From a more detailed look by chux:
res_frac = frac1 * frac2 fails if int is less than 23 bits (22 for the product and one for the sign).
This is more a suggestion for how to make it easier to get your code right, rather than analysis of what is wrong with the existing code.
There are a number of steps that are common to some or all of the floating point arithmetic operations. I suggest extracting each into a function that can be written with focus on one issue, and tested separately. Then when you come to write e.g. multiplication, you only have to deal with the specifics of that operation.
All the operations will be easier working with a structure that has the actual signed exponent, and the full significand in a wider unsigned integer field. If you were dealing with signed numbers, it would also have a boolean for the sign bit.
Here are some sample operations that could be separate functions, at least until you get it working:
unpack: Take a 16 bit float and extract the exponent and significand into a struct.
pack: Undo unpack - deal with dropping the hidden bit, applying the bias the expoent, and combining them into a float.
normalize: Shift the significand and adjust the exponent to bring the most significant 1-bit to a specified bit position.
round: Apply your rounding rules to drop low significance bits. If you want to do IEEE 754 style round-to-nearest, you need a guard digit that is the most significant bit that will be dropped, and an additional bit indicating if there are any one bits of lower significance than the guard bit.

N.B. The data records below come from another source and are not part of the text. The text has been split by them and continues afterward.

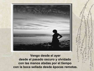 Este poema narra la historia de la mujer a través de la historia de la humanidad, desde tiempos remotos hasta la actualidad. Describe cómo la mujer ha sido esclavizada, violada y oprimida por siglos, obligada a servir a los hombres sin tener autonomía sobre su propia vida. Finalmente, las mujeres se unen para reclamar su poder e igualdad, haciendo un llamado a construir un mundo sin distinciones de género donde ambos sexos trabajen juntos.
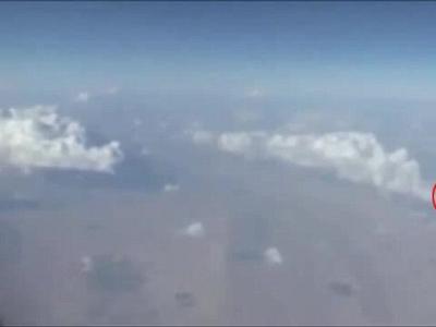 白色、呈圆碟形的UFO(红圈示)在右下方飞过 网民指UFO(红圈示)的形状不太可能是...
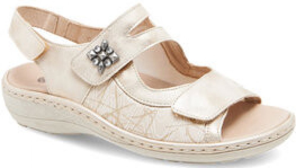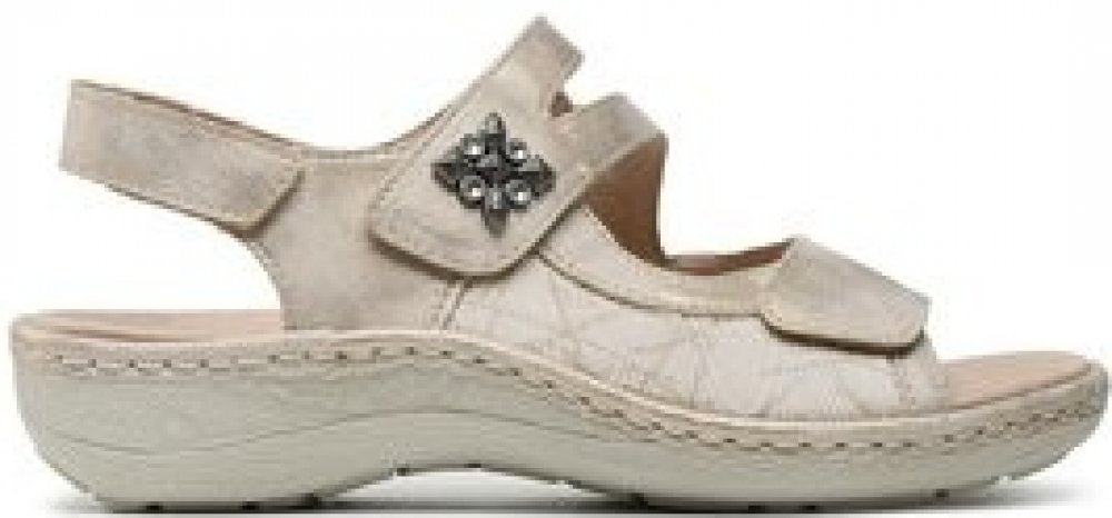 Dámské sandály s pružným materiálem v místě kloubků, vyjímatelnou stélkou a s upínacími pásky na suchý zip.
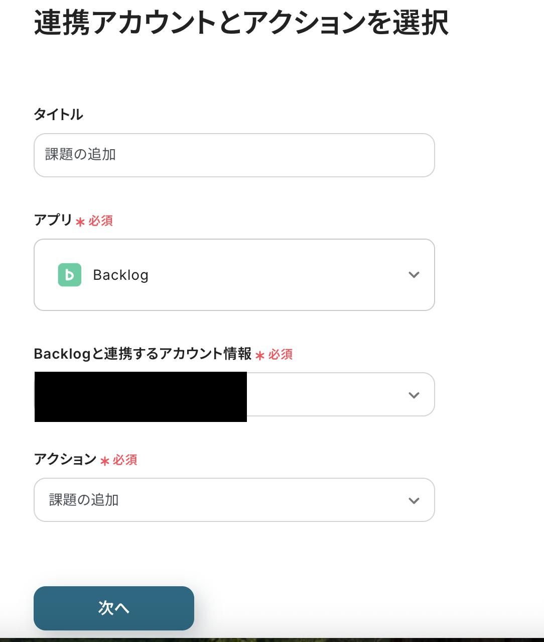 こちらの画面はすでに設定ができています。 タイトルを変更する場合は入力し、Backlogと連携するアカウントとアクション(課題の追加)を確認し、次へをクリックしてください。
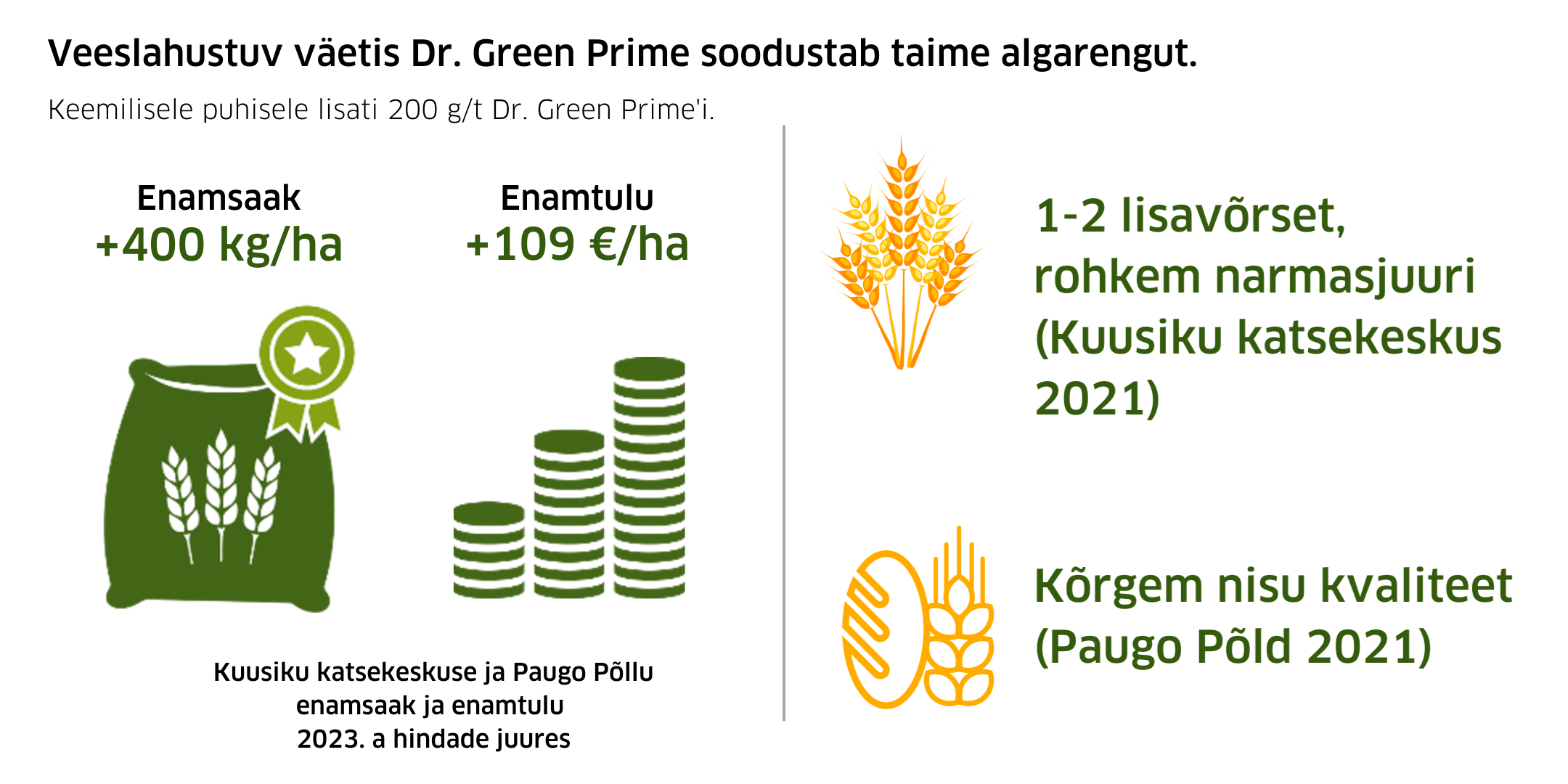 Katsed lisaainetega on andnud positiivseid tulemusi. Üheks selliseks tooteks on Dr Green Prime, mis on vees lahustuv väetis fosfori, kaaliumi, magneesiumi, boori, raua, mangaani, molübdeeni ja tsingiga. Toiteelementidele lisaks on toote koostises nn MicroActive kompleks (aminohapped + vitamiinid B1, C), mis aitab kaasa toiteelementide tõhusale omastamisele. Dr Green Prime on näidanud häid tulemusi nii katsekeskuses kui ka tootmispõllul.
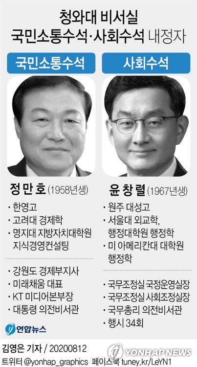 (서울=연합뉴스) 김범현 박경준 기자 = 문재인 대통령은 12일 청와대 국민소통수석에 정만호 전 강원도 경제부지사를, 사회수석에 윤창렬 국무조정실 국정운영실장을 각각 내정했다.

One problem is that you are truncating instead of rounding:
res_frac >>= 11; // Shift 22bit int right to fit into 10 bit
You should compute res_frac & 0x7ff first, the part of the 22-bit result that your algorithm is about to discard, and compare it to 0x400. If it is below, truncate. If it is above, round away from zero. If it is equal to 0x400, round to the even alternative.